“The empires of the future will be the empires of the mind.”
Recalling the Churchill quotation, the well known developmental psychologist Howard Gardner of the multiple intelligence theory, wrote in his book “Five Minds for the Future” (2006) that the world of the future “with its ubiquitous search engines, robots and other computational devices” will demand new capacities or “minds” that will equip a person to deal with the expected, the unexpected and what cannot be anticipated.
Gardner says: “Without these minds, a person will be at the mercy of forces that he or she can’t understand, let alone control.” These five are the disciplined mind, the synthesizing mind, the creating mind, the respectful mind and the critical mind. Here is a brief descriptive summary of each type of mind.
The disciplined mind has mastered at least one way of thinking. It has a mastery of major schools of thought including the arts, history, mathematics and science. It also has mastery of one professional craft like management, writing, medicine, music and law.
Much research confirms that it takes up to ten years to master a discipline. It is interesting that this is normally the amount of time it takes to finish a bachelor’s degree, a master’s degree and a doctoral degree.
The disciplined mind also knows how to work steadily over time to improve skill and understanding.
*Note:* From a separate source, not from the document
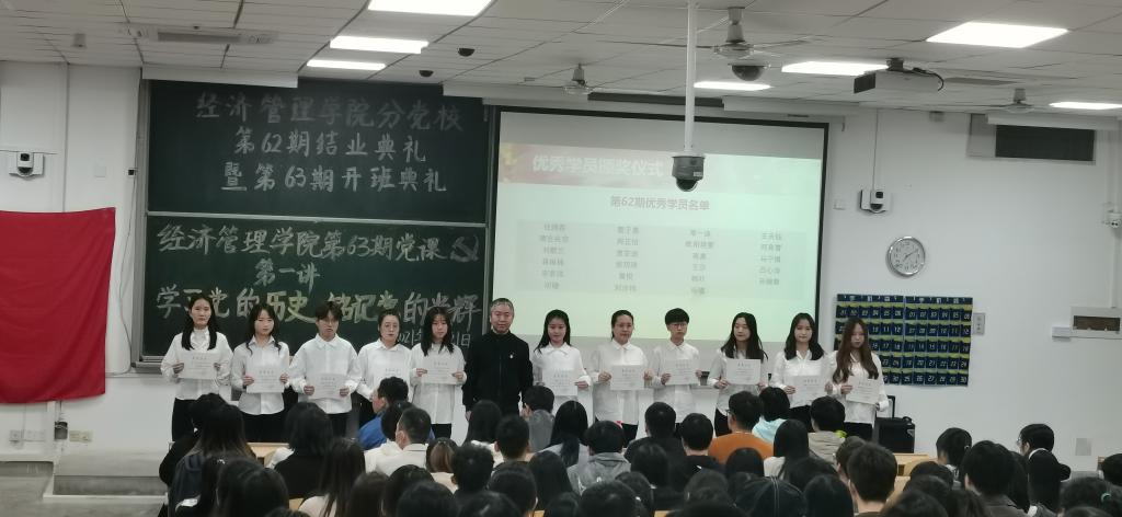 工商第三学生党支部书记侯剑波宣布优秀学员名单,并由王守民老师和姬浩老师为第62期党课优秀学员颁奖并合影留念。第62期优秀学员代表吕心涛同学上台发表,她希望在场学员勇担时代赋予青年人的使命与责任,从思想和行动上都积极向党组织靠拢,争取早日加入中国共产党。

He says, “Without at least one discipline under his belt, the individual is doomed to march to someone else’s tune.”
The synthesizing mind has the “ability to integrate ideas from different disciplines or spheres into a coherent whole and to communicate that integration to others.” It achieves this by taking information from different sources, understands and evaluates the information objectively and puts it together in ways that make sense to the synthesizer and also to other persons.
The work of synthesizing has always been valuable in the past. Among the greatest works of synthesizers are the Bible and the books of Aristotle – and Physics, Metaphysics, Poetics, Rhetoric and many others.
But this capacity to synthesize becomes even more critical as voluminous information mounts at dizzying rates.
“The creating mind has the capacity to uncover and clarify new problems, questions and phenomena.” Its foundation must be discipline and synthesis. However, it breaks new ground by putting forth new ideas, posing unfamiliar questions, conjuring up fresh ways of thinking and arriving at unexpected answers.
The creating mind “seeks to remain at least one step ahead of even the most sophisticated computers and robots.”
One of the most fascinating theories of Gardner is that a critical mass of persons engaged in creative activity constitutes the optimal formula for ensuring continuing innovation. He points to different examples in history. “Athens in the 5th century BC; Florence during the Renaissance; Vienna and Paris in 1900 and Silicon Valley in the 1990s.”
Albert Einstein was an unknown patent officer until his scientific papers were recognized by journal editors and knowledgeable colleagues. Gardner says: “The same story can be told about the writings of James Joyce; the paintings of Pablo Picasso; the managerial strategies developed by Peter Drucker and Michael Porter; the musical compositions of Richard Wagner, Duke Ellington and John Lennon; the economic theories of John Maynard Keynes and Milton Friedman.”
This emphasizes the importance of awards and recognition like the Nobel Prize, the Pulitzer Prize and the National Book Awards in the Philippines.
The respectful mind is aware of and appreciates differences among human beings. It recognizes that today one can no longer remain within one’s shell or home territory and therefore must “note and welcome differences between human individuals and between human groups, try to understand these ‘others’ and seek to work effectively with them. In a world where we are all interlinked, intolerance or disrespect is no longer an option.
“Humans exhibit a deep-seated tendency to create groups, to provide distinctive marks for these collectivities and to adopt clearly positive or clearly hostile attitude toward neighboring and more distant cohorts.”
Gardner’s proposal: “In a world composed of a few hundred nations, thousands of groups speaking, thousands of languages and more than six billion inhabitants, we can no longer simply draw a curtain or build a wall that isolates groups from one another indefinitely.
“We homo sapiens must somehow learn how to inhabit neighboring places – and the same planet –without hating one another, without lusting to injure or kill one another, without acting on xenophobic inclinations even if our own group might emerge triumphant in the short run.
“The ethical mind ponders the nature of one’s work and the needs and desires of the society in which one lives. This mind conceptualizes how workers can serve purposes beyond self-interest and how citizens can work unselfishly to improve the lot of all. The ethical mind then acts on the basis of these analyses.”
The key, therefore, is to determine the metric for identifying what a “good worker” is. Gardner describes the worker with an ethical mind.
“A good worker has a set of principles and values that she can state explicitly or at least acknowledge upon questioning. The principles are consistent with one another… The worker keeps these principles in mind constantly; asks whether she is abiding by them and takes corrective action when she does not. The worker is transparent – to the extent possible, she operates out in the open and does not hide what she is doing… Most important, the worker passes the hypocrisy test; she abides by the principles even when they go against her own self-interest.”
These five minds are particularly at a premium today and are vital for these challenging and uncertain times.